The sky this week for June 15 to June 24


Monday,June 18

Observers can capture a peek of Mercury in this week’s early nightsky The inner world stands 6 ° high in the west-northwest a half-hour after sundown tonight, and it will acquire another 2 ° of elevation by the weekend. Although Mercury shines brilliantly this night, at magnitude– 0.9, you may require field glasses to area it at first versus the golden radiance. A telescope exposes the world’s disk, which covers 5.5″ and appears 83 percent lit.

Tuesday,June 19

Venus’ eastward movement relative to the background stars brings it through the northern fringes of the Beehive star cluster (M44) this night. The pairing will make a superb sight through field glasses or a telescope at low power. Although the items do not set up until 11 p.m. regional daytime time, the very best views will come an hour to 90 minutes after sundown when the 2 still stand fairly high. At magnitude– 4.0, Venus shines almost 1,000 times brighter than the combined light of the Beehive’s stars. When seen through a telescope this night, Venus appears 15″ throughout and about three-quarters lit.

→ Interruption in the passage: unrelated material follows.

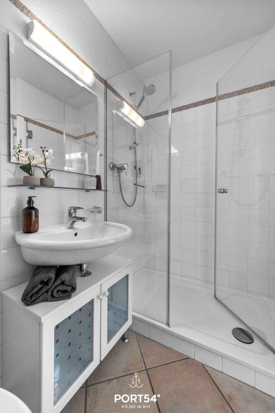 Ein modernes Badezimmer mit Dusche sowie weiteren Annehmlichkeiten wie Haartrockner und Waschbecken machen Ihren Aufenthalt besonders komfortabel. Darüber hinaus müssen Sie sich keine Sorgen um die Sicherheit machen: Die Wohnung verfügt über Rauchmelder und ist als Nichtraucherunterkunft klassifiziert.
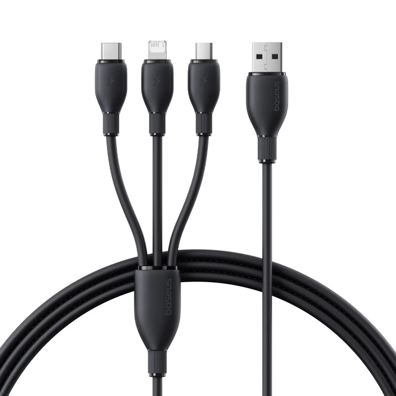 Cablu alimentare si date Baseus Ultra-Fast One-for-three Retractable, pt smartphone,USB la Micro-USB+Lightning+USB Type-C 3.5A, 1.3m, negru

Neptune’s eastward movement versus the background stars comes to a stop at 8 a.m. EDT. This so-called fixed point marks the start of the very best duration to observe any external world. Neptune increases around 12: 30 a.m. regional daytime time and appears about 30 ° high in the southeast as early morning golden starts. The magnitude 7.9 world depends on Aquarius, 0.9 ° west-southwest of 4th-magnitude Phi (φ)Aquarii You can verify your sighting of Neptune through a telescope, which exposes the world’s 2.3″- size disk and blue-gray color.

Wednesday,June 20

You can discover the First Quarter Moon well above the southwestern horizon as darkness falls. Our satellite formally reaches First Quarter stage at 6: 51 a.m. EDT, so it appears a little more than half-lit from North America this night. It sinks towards the western horizon throughout the night prior to setting around 1: 30 a.m. regional daytime time. The Moon invests tonight amongst the background stars of Virgo the Maiden.

Thursday,June 21

Earth’s summer season solstice takes place at 6: 07 a.m. EDT, when the Sun reaches its farthest point north in thesky This marks the main start of summer season in the Northern Hemisphere, and the day of the solstice has more hours of sunshine than other. For astronomy enthusiasts, nevertheless, long days equate into brief nights and extended golden, which restrict our time under the stars.